Capital One banks on burgeoning multi-cloud ecosystem
SaaS providers are hosting their apps on competitors' public clouds, spurring an ecosystem that affords CIOs greater choice of services without having to port data to yet another platform.
By Clint Boulton
Capital One last month unveiled a deal to use data warehouse software from Snowflake Computing to process anything from fraud alerts to credit reviews. That the credit card company, which showed its appetite for risk by migrating most of its computing workloads to Amazon Web Services, embraced a red-hot startup is hardly any surprise. But the company also uses Amazon Redshift, a competing data warehouse from AWS. The irony? Snowflake’s software runs on AWS.
This Russian nesting doll model exemplifies the new cloud ecosystem, where it’s increasingly common to see corporate customers consume SaaS applications that are hosted on a large platform such as AWS, Microsoft Azure or Google Cloud, says Forrester Research analyst Dave Bartoletti. AWS, in particular, seems to be writing the playbook for this model.
AWS has begun hosting software from a number of enterprise software luminaries, including Salesforce.com, Oracle, SAP, and Splunk, even as it’s rolled out rival data management and analytics solutions. “AWS doesn’t artificially limit [rivals running on its platform],” Bartoletti says. “The beauty … is that customers can try the best solution for the job.”
The strategy is smart for a number of reasons, Bartoletti says. It simplifies the vendor management strategy for corporate customers who want to have their cake and eat it, too. CIOs are perennially looking for fewer throats to choke, yet they demand having more choices, the better to pick the best solution for the computing task. AWS satisfies that wish while generating revenue whether an enterprise elects to consume data management software from Oracle, SAP HANA or rival applications from its own portfolio, including Amazon RDS, Amazon Aurora or Amazon Redshift.
Regardless of whether a CIO chooses an Amazon tool on AWS or one run on AWS by a rival, Amazon gets its tentacles around more data, which it can use to refine existing or future products, tune its own platform performance, or recommend additional solutions, either from its own portfolio or a partner’s suite. Vendors who host on AWS, meanwhile, get broader exposure thanks to AWS’ ever-expanding data center footprint. This is what you’d call a win-win-win: Rival vendors get another sales route, AWS gets more data and customers get more choices. Bartoletti says the scenario is common.
This preference for choice led Capital One, which runs a sophisticated data network that supports millions of customers in AWS, to adopt Snowflake alongside Redshift and several other data management solutions.
“We are looking to find good solutions for our workloads that will help our organization get the best scalability and performance and secure systems,” Linda Apsley, Capital One’s vice president of data engineering, tells CIO.com. She credited AWS, where she worked from 2012 to 2014, for “democratizing access to software” by providing plug-ins that connect vendor partners to customers.

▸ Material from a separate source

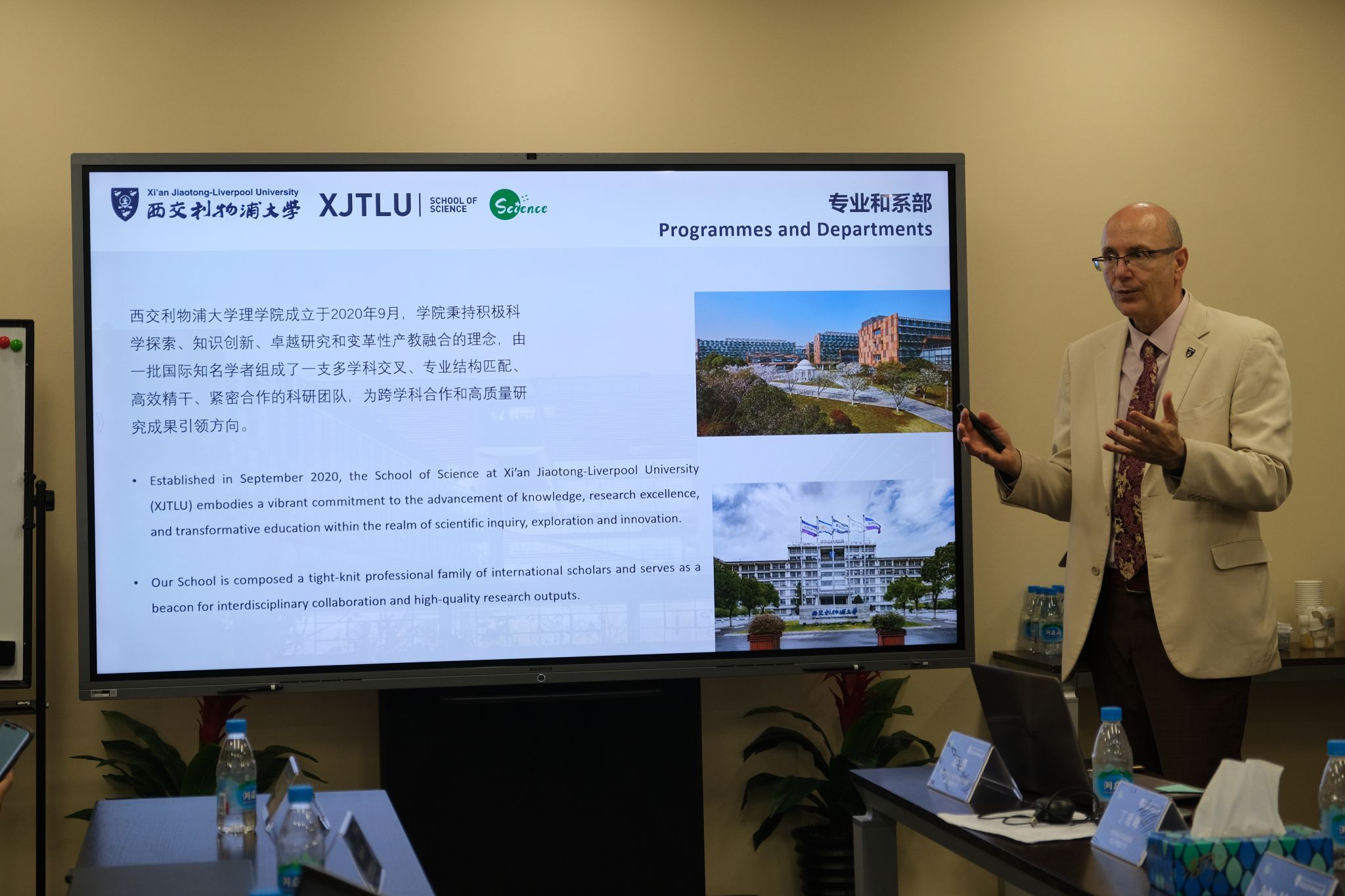 随后,西交利物浦大学理学院院长John Moraros教授介绍了西交利物浦大学理学院建设历史、师资队伍、学科概况,并分享了各个科研领域的突出成果。西交利物浦大学理学院学习与教学副院长Sekar Raju博士介绍了学院的教学模式、课程安排以及学位授予等教学体系,并详细介绍了学院的教学项目和特色。

Wanted: private, secure, speedy data warehouse
Capital One is using Virtual Private Snowflake (VPS), a new solution designed for regulated industries such as financial services and healthcare. Most Snowflake products run on AWS multi-tenant cloud but VPS runs as a dedicated and managed instance of Snowflake within an AWS Virtual Private Cloud (VPC). The software, which encrypts all data at rest and in transit, supports PCI DSS and HIPAA regulations. Enterprises can scale VPS up and down automatically, and also scale unlimited concurrency thanks to Snowflake’s multi-cluster architecture.

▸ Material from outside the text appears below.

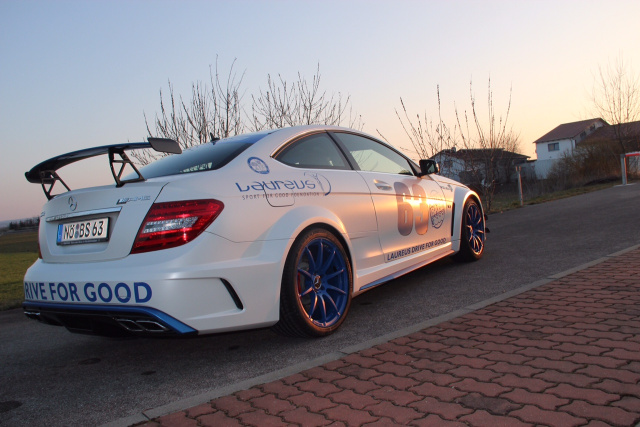 Kein Promo-Trick, sondern Tatsache: die beiden Formel 1 Stars David Coulthard und Jean Alesi starten beim Gumball 3000 in einem Mercedes AMG C63 Coupé Black Series in „Drive for Good“-Farben.

While Apsley says VPS’ encryption and scalability are critical, she adds that Snowflake rapidly processes large, complex queries for vast data sets.
How fast and large? Consider the millions of data points about people Capital One must churn through to determine whether, say, a Capital One Venture card purchase raises a red flag, such as a marked shift in geographic distance from one day to the next, or even an unusually large or duplicate tip at a restaurant. Or imagine the myriad sources used to calculate how much credit to yield to a prospective customer applying for a new card. Snowflake works those out in one to two seconds, sometimes banging out queries pulling data from multiple data sets at a clip of three per second.
Much like Snowflake, Redshift processes large queries for Capital One. But Apsley, who arrived at Capital One after it had begun working with Snowflake, says the redundancy is strategic. The company set up its network to route queries to the best tool for the computing task at any time.
“We think it’s going to make us better at fraud distinction, showing us pockets of fraud patterns to protect consumers, and approve consumers and credit risk faster,” Apsley says.